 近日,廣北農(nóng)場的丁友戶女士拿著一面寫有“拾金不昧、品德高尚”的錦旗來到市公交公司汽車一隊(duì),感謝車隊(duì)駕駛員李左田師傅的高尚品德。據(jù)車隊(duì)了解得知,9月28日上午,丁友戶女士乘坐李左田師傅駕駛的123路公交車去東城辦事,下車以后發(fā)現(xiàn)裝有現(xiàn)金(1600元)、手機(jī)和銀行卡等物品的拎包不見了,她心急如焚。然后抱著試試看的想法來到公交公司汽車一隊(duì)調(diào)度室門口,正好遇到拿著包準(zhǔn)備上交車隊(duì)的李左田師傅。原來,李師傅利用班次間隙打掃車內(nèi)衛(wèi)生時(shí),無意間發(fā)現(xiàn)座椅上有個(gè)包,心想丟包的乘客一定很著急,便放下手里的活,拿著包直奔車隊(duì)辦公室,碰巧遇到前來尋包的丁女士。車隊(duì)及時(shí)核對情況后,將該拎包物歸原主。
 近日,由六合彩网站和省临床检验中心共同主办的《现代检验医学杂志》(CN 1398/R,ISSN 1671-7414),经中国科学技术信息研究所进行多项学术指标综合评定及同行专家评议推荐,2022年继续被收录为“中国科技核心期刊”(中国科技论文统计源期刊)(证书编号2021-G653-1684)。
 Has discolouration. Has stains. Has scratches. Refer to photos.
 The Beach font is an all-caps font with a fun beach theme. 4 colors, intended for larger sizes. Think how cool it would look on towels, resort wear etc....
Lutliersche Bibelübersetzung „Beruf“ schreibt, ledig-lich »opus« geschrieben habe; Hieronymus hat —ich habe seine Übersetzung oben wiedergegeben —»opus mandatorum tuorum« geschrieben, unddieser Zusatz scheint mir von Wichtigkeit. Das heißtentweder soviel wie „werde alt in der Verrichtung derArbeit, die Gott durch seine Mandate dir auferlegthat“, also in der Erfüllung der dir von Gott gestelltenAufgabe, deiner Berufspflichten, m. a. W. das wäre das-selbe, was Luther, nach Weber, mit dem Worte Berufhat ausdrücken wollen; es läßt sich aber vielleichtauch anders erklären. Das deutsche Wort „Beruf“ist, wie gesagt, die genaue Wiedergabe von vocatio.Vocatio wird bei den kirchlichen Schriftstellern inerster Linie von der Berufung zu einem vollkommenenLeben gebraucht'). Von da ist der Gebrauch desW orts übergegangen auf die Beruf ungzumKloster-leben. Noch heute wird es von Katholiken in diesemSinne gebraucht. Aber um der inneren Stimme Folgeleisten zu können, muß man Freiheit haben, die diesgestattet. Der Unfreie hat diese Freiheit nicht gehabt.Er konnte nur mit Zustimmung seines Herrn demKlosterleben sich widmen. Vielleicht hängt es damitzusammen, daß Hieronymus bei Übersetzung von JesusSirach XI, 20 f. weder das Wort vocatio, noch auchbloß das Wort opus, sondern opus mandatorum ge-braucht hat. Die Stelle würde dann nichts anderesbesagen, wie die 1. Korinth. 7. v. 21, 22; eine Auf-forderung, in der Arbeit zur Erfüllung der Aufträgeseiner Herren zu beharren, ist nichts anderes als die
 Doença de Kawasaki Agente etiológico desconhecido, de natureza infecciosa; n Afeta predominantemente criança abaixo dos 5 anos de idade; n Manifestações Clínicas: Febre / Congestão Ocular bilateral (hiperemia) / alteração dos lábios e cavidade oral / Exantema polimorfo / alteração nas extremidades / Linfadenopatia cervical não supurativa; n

...

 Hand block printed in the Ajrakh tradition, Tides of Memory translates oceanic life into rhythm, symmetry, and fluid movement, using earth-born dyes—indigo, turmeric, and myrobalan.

* * *

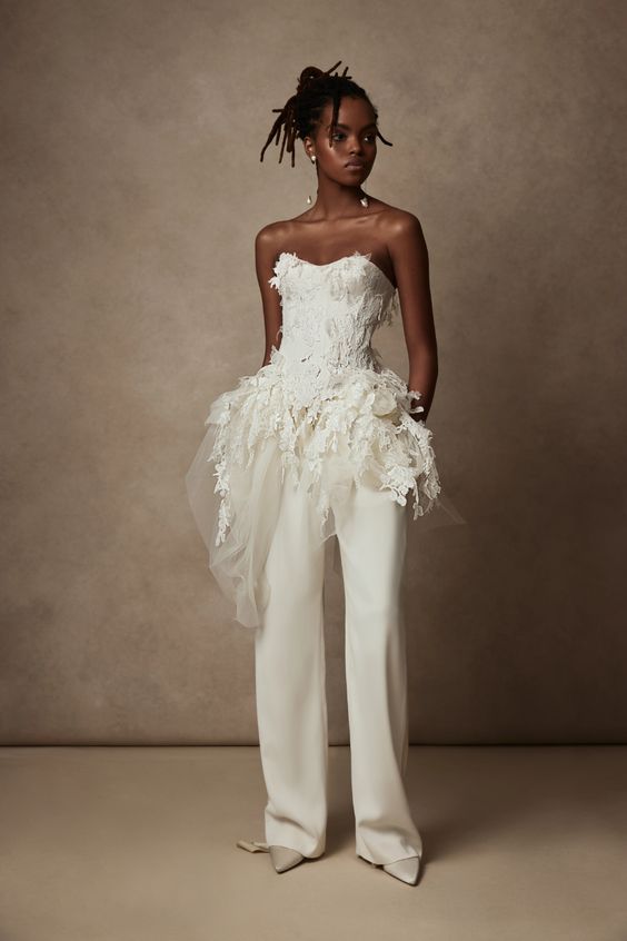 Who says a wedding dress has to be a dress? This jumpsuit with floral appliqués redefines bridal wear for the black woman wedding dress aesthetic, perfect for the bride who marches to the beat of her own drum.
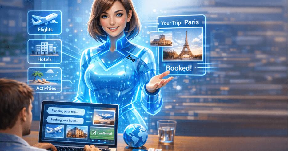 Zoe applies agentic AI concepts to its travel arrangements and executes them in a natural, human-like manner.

▶ _DESCRIPTION OF THE TASK_:
Could you return exactly the stretch of the data above that starts at the line with "Has discolouration. Has" and ends at the line with "anderes als die", both lines included?

▶ _RESPONSE_:
 Has discolouration. Has stains. Has scratches. Refer to photos.
 The Beach font is an all-caps font with a fun beach theme. 4 colors, intended for larger sizes. Think how cool it would look on towels, resort wear etc....
Lutliersche Bibelübersetzung „Beruf“ schreibt, ledig-lich »opus« geschrieben habe; Hieronymus hat —ich habe seine Übersetzung oben wiedergegeben —»opus mandatorum tuorum« geschrieben, unddieser Zusatz scheint mir von Wichtigkeit. Das heißtentweder soviel wie „werde alt in der Verrichtung derArbeit, die Gott durch seine Mandate dir auferlegthat“, also in der Erfüllung der dir von Gott gestelltenAufgabe, deiner Berufspflichten, m. a. W. das wäre das-selbe, was Luther, nach Weber, mit dem Worte Berufhat ausdrücken wollen; es läßt sich aber vielleichtauch anders erklären. Das deutsche Wort „Beruf“ist, wie gesagt, die genaue Wiedergabe von vocatio.Vocatio wird bei den kirchlichen Schriftstellern inerster Linie von der Berufung zu einem vollkommenenLeben gebraucht'). Von da ist der Gebrauch desW orts übergegangen auf die Beruf ungzumKloster-leben. Noch heute wird es von Katholiken in diesemSinne gebraucht. Aber um der inneren Stimme Folgeleisten zu können, muß man Freiheit haben, die diesgestattet. Der Unfreie hat diese Freiheit nicht gehabt.Er konnte nur mit Zustimmung seines Herrn demKlosterleben sich widmen. Vielleicht hängt es damitzusammen, daß Hieronymus bei Übersetzung von JesusSirach XI, 20 f. weder das Wort vocatio, noch auchbloß das Wort opus, sondern opus mandatorum ge-braucht hat. Die Stelle würde dann nichts anderesbesagen, wie die 1. Korinth. 7. v. 21, 22; eine Auf-forderung, in der Arbeit zur Erfüllung der Aufträgeseiner Herren zu beharren, ist nichts anderes als die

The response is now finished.